И Ланга начал пересказывать то, что они обговорили и обдумали с божьей помощью.
Рассказ этот сильно насторожил Хуларху. Ланга еще не закончил, а из глаз его уже выкатывались слезы, ручейками опоясавшими бугорки скул. Он долго молчал в тишине — и было похоже, что только сейчас до несчастного старика дошла правда истинная: жизнь его в среднем мире кончается.
Но потом Хуларха как-то сразу повеселел. Он заворочался, погладил рукой шерстку камусов, сшитых кем-то в подарок, и тихо проговорил:
— Я богу скажу, что люди моего рода добрые и хорошие. Попрошу его, чтобы он немного прибавил вам счастья и радости, чтобы немного жизнь облегчил…
Кто-то из женщин неожиданно и вроде бы без причины заплакал.
Хуларха напрягся, пытаясь улечься повыше, пошевелил плечами и сурово сказал:
— Плакать зачем же! Все хорошо-то как обернулось… А я… Я скоро вернусь к вам. Вот Халерха моя выйдет замуж и родит сына, а вы приглядывайтесь к нему, приглядывайтесь: это я буду…
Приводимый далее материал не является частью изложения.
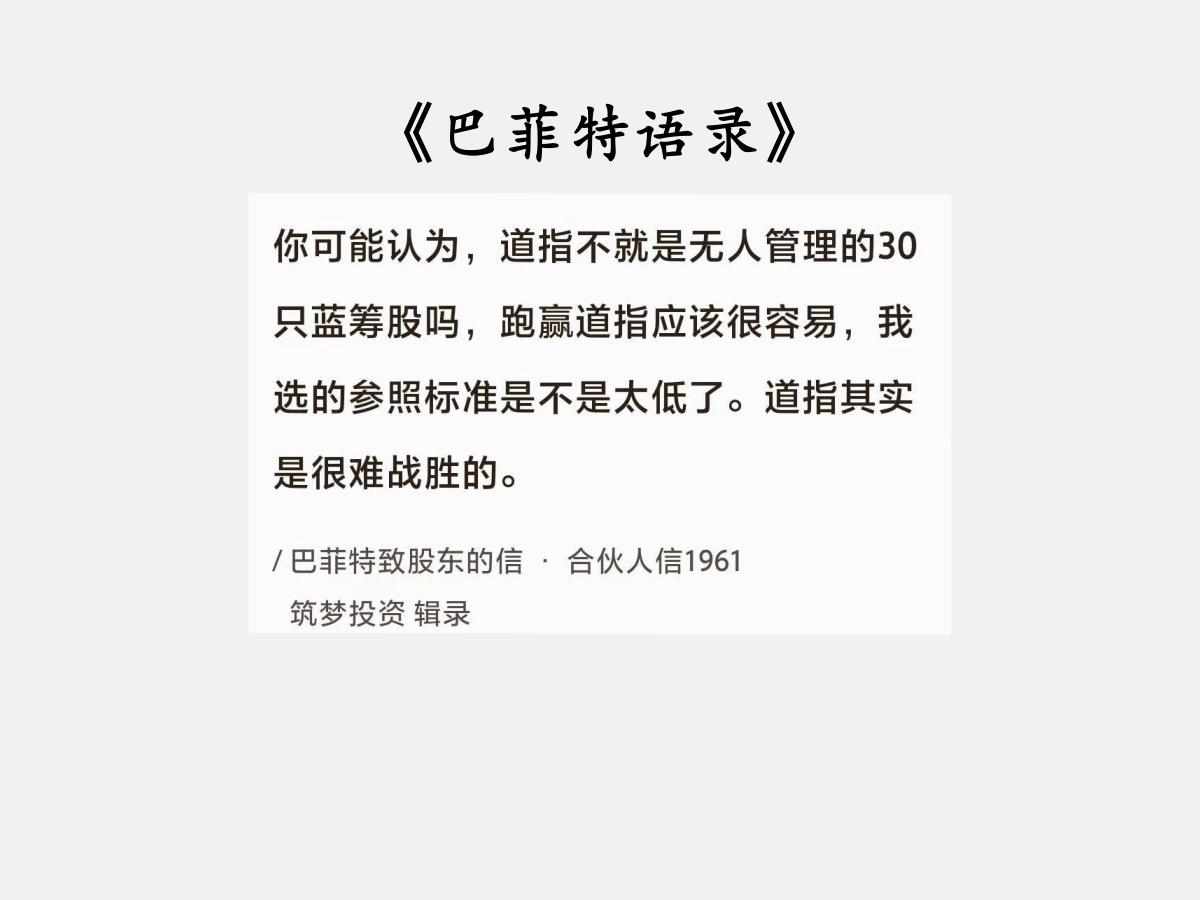 No.037 巴菲特聊“指数很难战胜” 巴菲特曰:“你可能认为,道指不就是无人管理的30 只蓝筹股吗,跑赢道指应该很容易,我选的参照标准是不是太低了。道指其实是很难战胜的。” 股权是最有生命力的资产,而股市是人类顶尖精英的聚集地。能上市的公司都是从千军万马中杀出来的,都是经过市场筛选淘汰过的。 它们能够优胜,杀进资本市场,则是因为人才。越是优质公司,人才数量就越多,含金量越高。 而道指成分股都是优中选优的大型蓝筹股。市值动辄几千几万亿美金,几百亿的都很少。它们能成为各行各业的巨头,是诸多人才携手奋进的结果。 所以,想跑赢道指,就是在与它手底下的精兵强将打擂台,与一批人才精英做竞争,难度可想而知。 并且,指数还有自动更新的机制,能够不断地淘汰落后者,具备造血能力。就像人体细胞新陈代谢,始终保持生机和活力一样。 虽然因样本比较多,道指收益率被平均了,但与存在人性弱点的个人和机构投资者比,跑赢它依然有难度。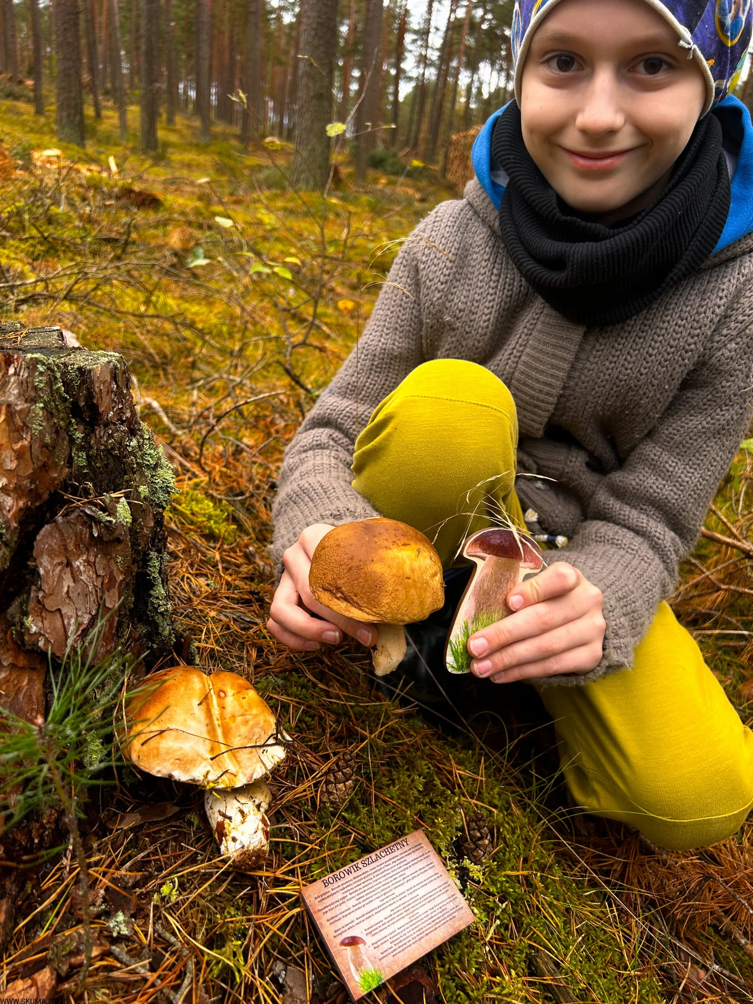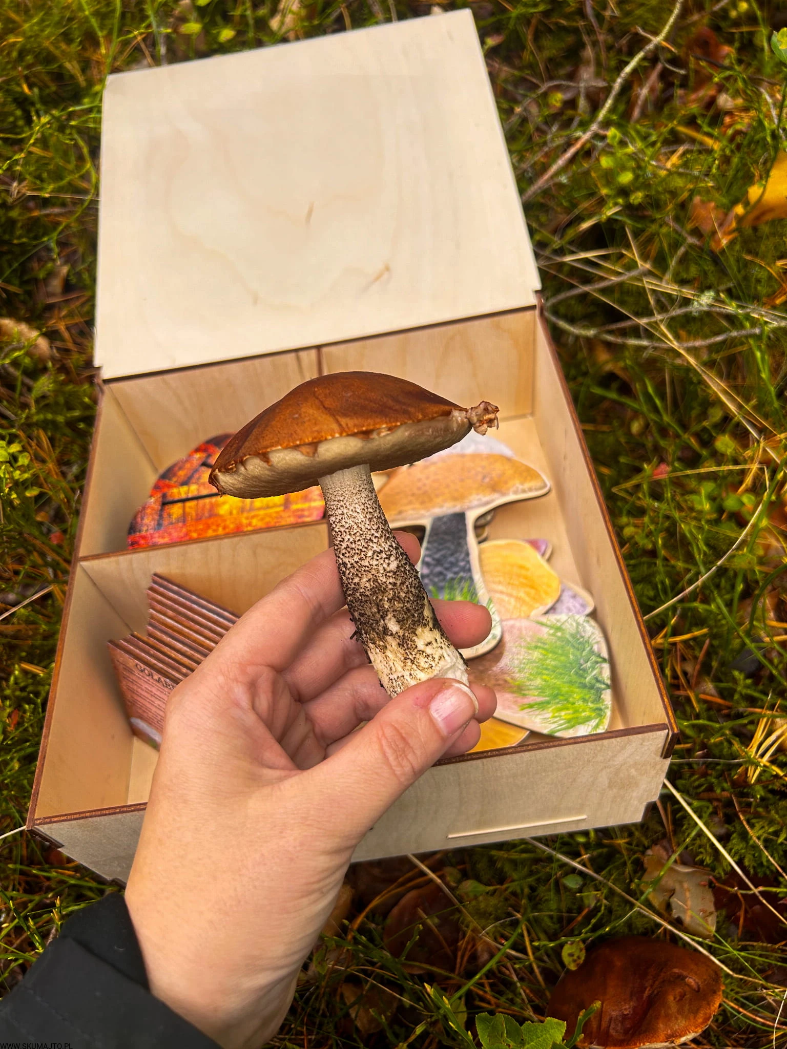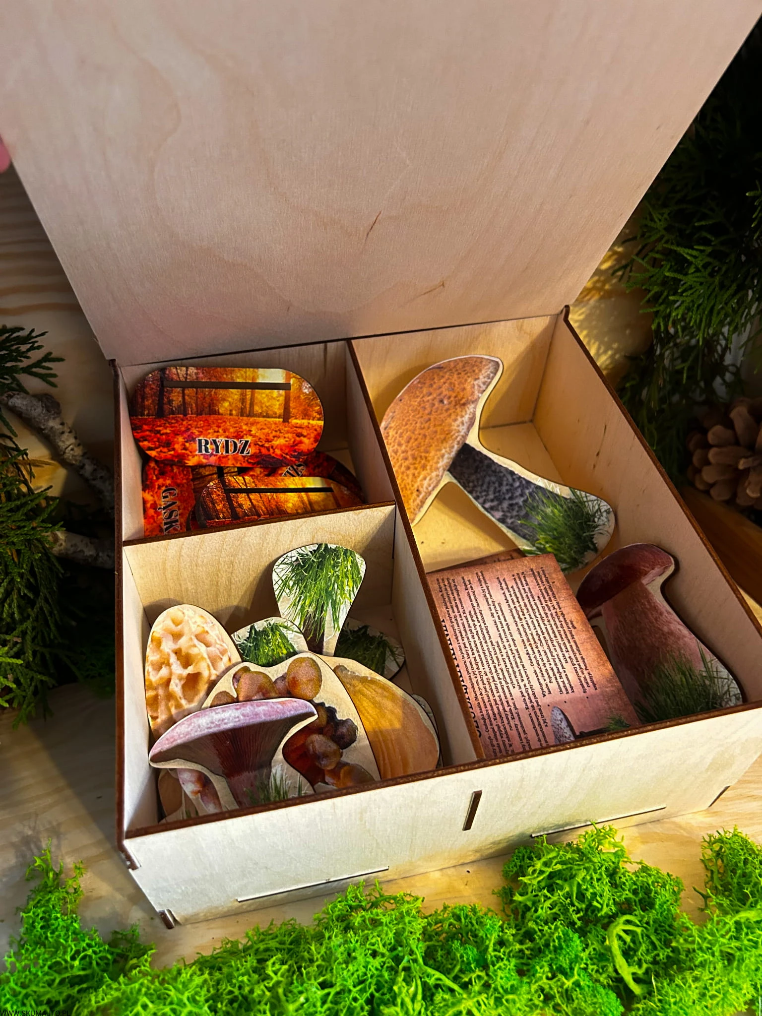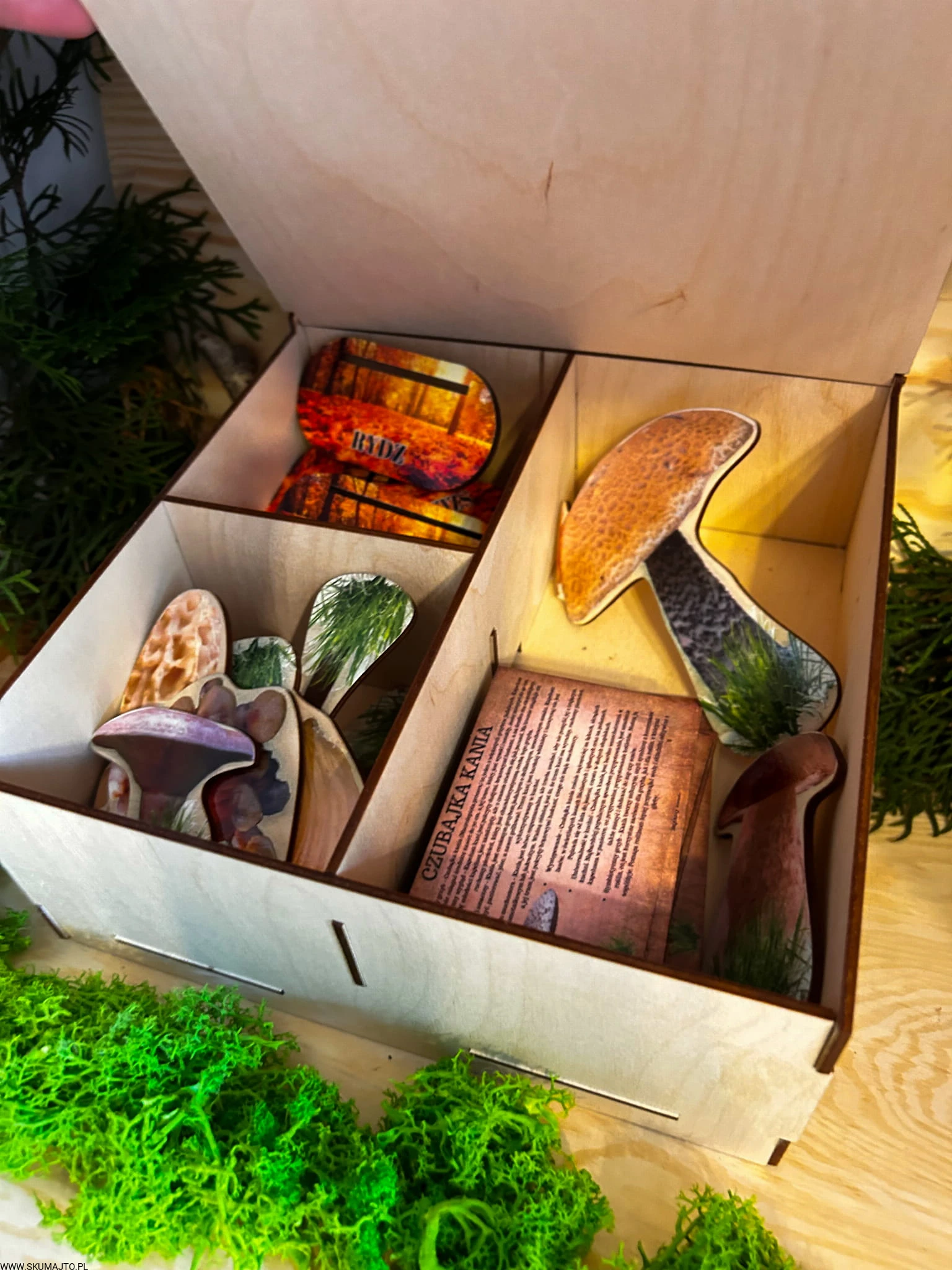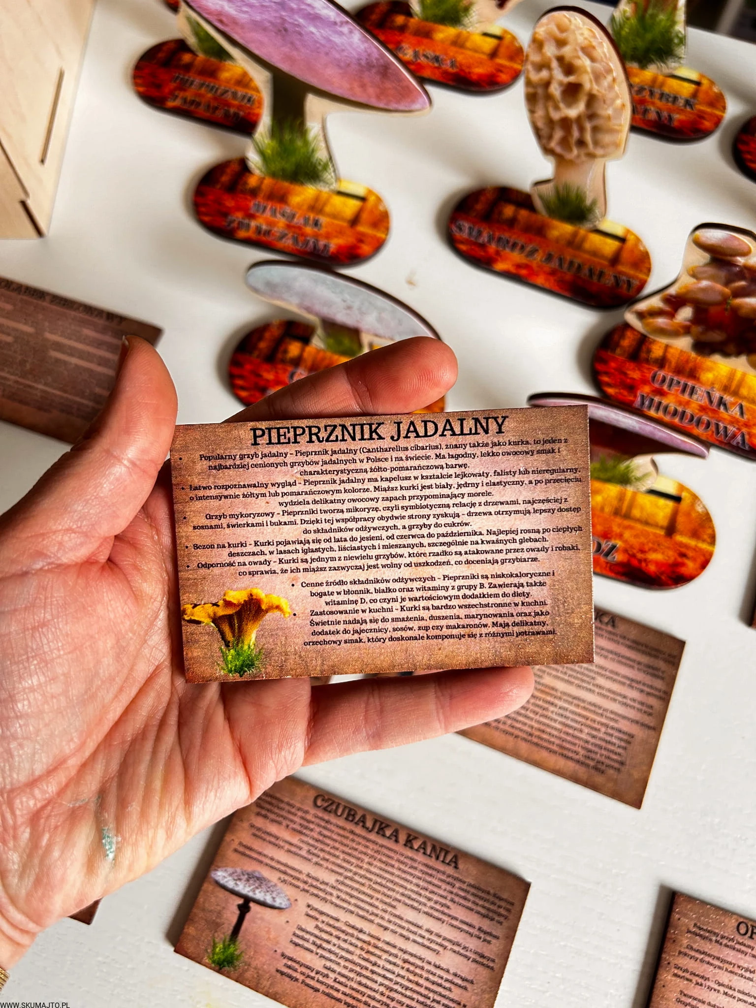To jednak dopiero początek wspólnej przygody. W zestawie znajdziecie 11 drewnianych kart (o wymiarach 10x6 cm), które przeniosą Was głębiej w świat grzybów. Na każdej z kart znajdują się nie tylko opisy danego gatunku, ale również fascynujące ciekawostki. Dlaczego borowik szlachetny jest królem grzybów? Jakie zastosowania kulinarne ma rydz? Czy opieńka miodowa naprawdę rośnie w tak dużych grupach, jak mówią? To historie, które otwierają przed dzieckiem zupełnie nowy świat – pełen przyrody, zapachów i odkrywania tego, co można znaleźć pod nogami podczas zwykłego spaceru.

— А за кого она выйдет? — вдруг раздался голос за спиною Ланги. — Ты бы сейчас и решил, за кого ей выходить. Старые люди детей устроить должны, и ты не откладывал бы, Хуларха… Амунтэгэ… Это он сказал.
Долго думать толпа не умеет. Зато толпа умеет быстро давать отпор.
— Что ты болтаешь!
— Из тайги, что ли, пришел?
Голоса были резкими, но сдержанными — все, кто осаживал злого и тупоумного старика, понимали, что нельзя слишком наваливаться — это раскроет тайну. И все-таки начался шум. А муж умершей шаманки или не понял, чего от него ждут люди, или не хотел понять.
— Что вы, мужики, женщины, я ведь дело спрашиваю! — стал оправдываться он. — Хуларха же не отдаст дочь за шамана.
Хуларха из последних сил привстал на локтях и замер.
— За какого шамана? — спросил он, расширяя глаза.
— Ну, Косчэ-то… как же, все знают…
— Хуларха, зачем ты хочешь сплетню услышать? — заглушил его голос Ланга. — Большой человек всегда опутан сплетнями, как русский нитками.
— Поддержи-ка меня, Бахчэдэ, — попросил Хуларха. — Под спину… Амунтэгэ, ты о Косчэ… говоришь?.. То-то я вижу, что его нет вместе с вами… И Куриля нет… И Ниникая… и Пурамы…
— Они завтра придут! — поспешил заверить его Ланга. — Нявал-то аж к Мерзлому морю уехал…
— Крестись… тогда поверю, что сплетня.
Несчастный сказитель сразу стал похож на мокрую сову, которая вдруг поняла, что дождь никогда не кончится. Он закрыл глаза и опустил голову.
— Так. Понимаю… Положи меня, Бахчэдэ, — тихо попросил Хуларха. — Кака ошаманил — некому больше…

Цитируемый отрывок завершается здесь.